“At age 17 I had my first psychotic break. I went ten years being schizophrenic and having psychotic breaks and was only diagnosed at 27. At age 39, they were looking for an institution to put me away for life because I was very disturbed and very sick and there was no way of reaching me. I was involved with a program at the Canadian Mental Health Association in Aurora, and one day people came from LOFT to tell us about their new housing program. I just asked and asked and asked, and I must have driven them crazy! I said ‘I’ve found my place!’ I just knew it was the right place for me.
I was the third person to register. It was a gardener’s home and it was an awesome place. It was like a dream come true. It was my first experience of community because I was very isolated growing up. So instead of sitting there passively every day and looking into space and talking to my voices, and arguing with my voices, I had somebody there who I go to and say, ‘I just heard this, is it real?’

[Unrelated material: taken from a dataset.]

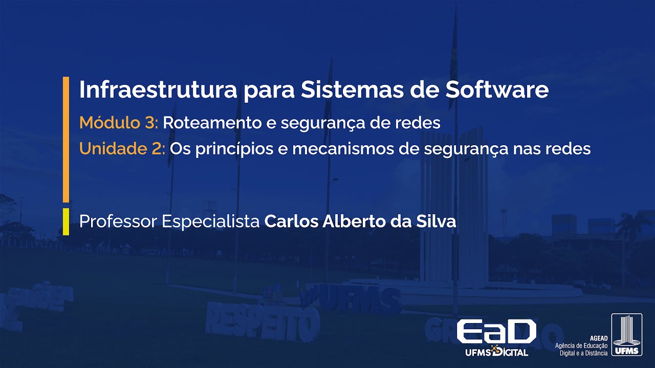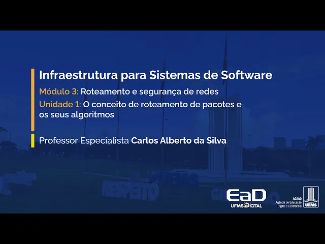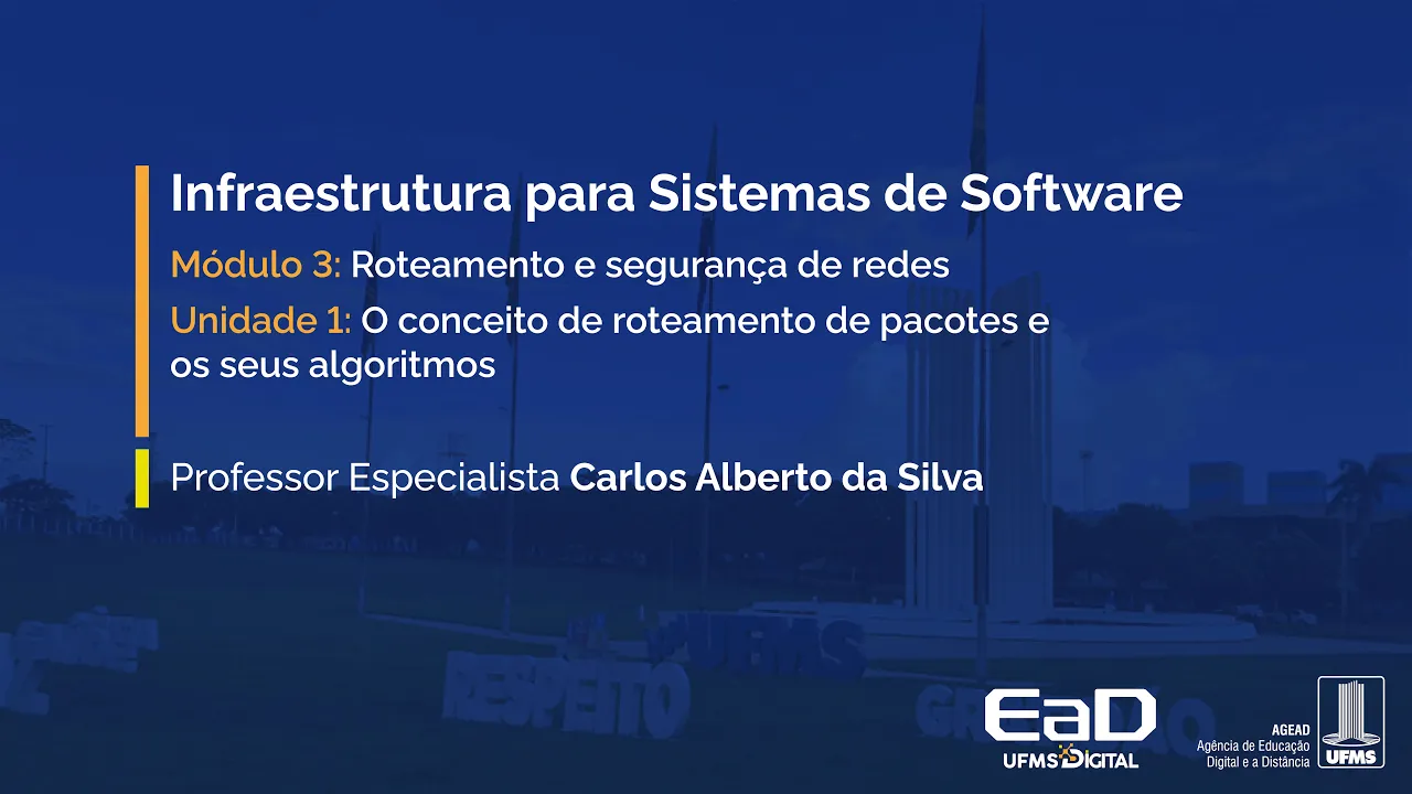 [Música] dando continuidade à disciplina de infraestrutura para sistemas de software hoje veremos o módulo três a parte de como as redes fazem o roteamento dos seus pacotes e estudaremos os mecanismos de segurança de como os dados são protegidos durante o processo de trafegar numa rede Então vamos lá unidade um conceito de roteamento de pacote e seus algoritmos o conceito de roteamento de pacotes o que eu planejei para essa aula então vamos olhar conceito de roteamento os tipos de roteamento como eles são classificados e como são executados esses Protocolos de roteamento pelos seus algoritmos Então vamos lá o conceito de roteamento é simples é você ter uma forma de encaminhar os pacotes dentro de uma rede lembrando uma rede é aquele emaranhado de roteadores conectados ao redor do do mundo então quando eu mando um pacote daqui por exemplo para um país lá na Europa ele tem que escolher uma rota E essas rotas elas são pré-definidas Mas elas são dinâmicas porque se um roteador no meio do caminho falhar ou se tornar indisponível é definida uma outra rota para que o sistema continue a funcionar Então vamos lá protocolo de roteamento É um mecanismo como os roteadores encaminham os pacotes que chegam nele numa entrada numa interface e ele escolhe um caminho e ele manda em outra interface então um protocolo de roteamento ele vai ter que rodar um algoritmo que tem a função de escolher um caminho dentre os que é possível os que estão ativos e aí encaminhar Esse pacote a gente viu na aula passada que às vezes um roteador por excesso de trabalho né ele recebe pacotes e ele não consegue encaminhar E aí ele acaba descartando então o ideal é que esses Protocolos de roteamento Não façam isso né Isso é um caso extremo Mas pode acontecer na nossa vida real Então vamos lá um roteador teria por função quando ele está rodando um protocolo de roteamento ele está executando um algoritmo né olhar o endereço de destino no cabeçário do pacote e encaminhar conhecer os seus roteadores vizinhos e manter aquelas tabelas de de de roteamento atualizadas então ele tem que manter as tabelas de roteamento atualizado paraas rotas internas e paraas Rotas externas Então vamos ver um exemplo disso né que aqui um roteador tem o seu algoritmo de como vai funcionar dentro da rede tem tem a sua tabela de roteamento aonde chega um pacote lembra chega um pacote ele pega o reader pega o endereço de destino E aí ele compara com os valores que ele tem lá e aí ele escolhe uma saída e ele produz a a transferência desse pacote nessa saída dois aqui que é o exemplo Então os roteadores Tem que olhar esses roteadores vizinh quais estão ativos quais ele poderia como rotas manter atualizada essa tabela de rotas e a coisa vai funcionar ou melhor né o protocolo de roteamento vai funcionar Essas tabelas de roteamento elas definem Quais as rotas o pacote pode ser encaminhado corretamente em direção ao seu destino então isso a gente viu um pouco na aula passada hoje nós vamos ver que é possível encaminhar em rotas internas e Rotas externas e esses roteadores quando encaminha para rotas externas lembra eles são roteadores de borda eles são aqueles roteadores dos provedores de serviço de internet então se eu estou na minha casa Ten o meu moden Zinho meu roteador ali e solicito um acesso a um website que tá lá na China por exemplo né tá na moda comprar produtos na China de de comércio eletrônico Então o que acontece ao solicitar essa informação ele vai sair do meu roteador vai cair no primeiro roteador que é da operadora de Internet que Me fornece esse serviço e dali ele passa por mais um roteador que é o de saída do Brasil para mais um roteador de entrada na china para mais um roteador da cidade que é lá o Website E aí ele chega lá no fornecedor daquele Website lá então quer dizer existe um caminho daqui paraa China esse ess caminho os roteadores vão guardar apenas o próximo vizinho e o próximo vizinho guarda o próximo e o próximo guarda o próximo então quando se estabelecer uma rota na realidade a tabela de roteamento ela só vai olhar os vizinhos ela ela é muito mais simples e Menor para poder trabalhar de uma forma mais eficiente então quando um um roteador olha os seus vizinhos ele exatamente estabelece uma relação e um registro do tipo ó eu tenho essa e essa rota mas eu não tenho mais essa aqui então eu preciso refazer o meu caminho ou por essa opção ou fazer o meu caminho por essa opção mas lembrando ele só vai guardar os endereços do roteadores vizinho ele só se preocupa com os vizinhos e o algoritmo ele é recursivo quer dizer eu me preocupo com com meus vizinhos tudo bem quando eu vou num vizinho vizinho um ele se preocupa com os seus vizinhos quando eu vou no vizinho do vizinho ele se preocupa comos seus vizinhos então o algoritmo de de certa forma ele é inteligente porque ele apenas olha os seus vizinhos porque não haveria capacidade né lembra nós nós falamos numa aula que existe pelo menos 20 bilhões de dispositivos conectados na rede mundial de computadores e os roteadores se fosse definir todas as rotas possíveis para esses 20 bilhões nossa seria uma máquina fantástica então ele não tem essa capacidade a capacidade dele é mais limitada então ele olha apenas os vizinhos e os vizinhos olh os vizinhos dos vizinhos e assim vai andando esse modelo Ok o protocolo de roteamento ele é executado na camada de internet no modelo tcpip e o protocolo col IP é o responsável por fazer esse gerenciamento de encaminhar os pacotes Então olha só dentro do Protocolos de de roteamento eu vou ter duas atividades uma atividade de gerenciar o plano de controle e a outra atividade de gerenciar o plano de dados no plano de controle eu tô preocupado exatamente com o algoritmo de roteamento como ele funciona que hora que ele é ativado Que hora que ele é posto para dormir como ele troca em informações e no plano de dados e

It was such a different world. I had a purpose to get up every morning, and they looked after my meds and I was taking my meds daily and I was getting happier. After four and a half years, I was the first ‘graduate’ of LOFT in York Region. I was able to move back into the community, and I lived in a housing co-op for 18 years. Then I came back to my first home – LOFT. I have lived here in Bradford house for 10 months now. This is where I need to be now.
I needed the support to remain independent and also at my age I needed the geriatric program. So I came home and it is ‘home’; it’s where I will be until I am no longer able.
It is so healthy to be blooming and growing at this late stage of life. I am home. I am safe. This is my home.”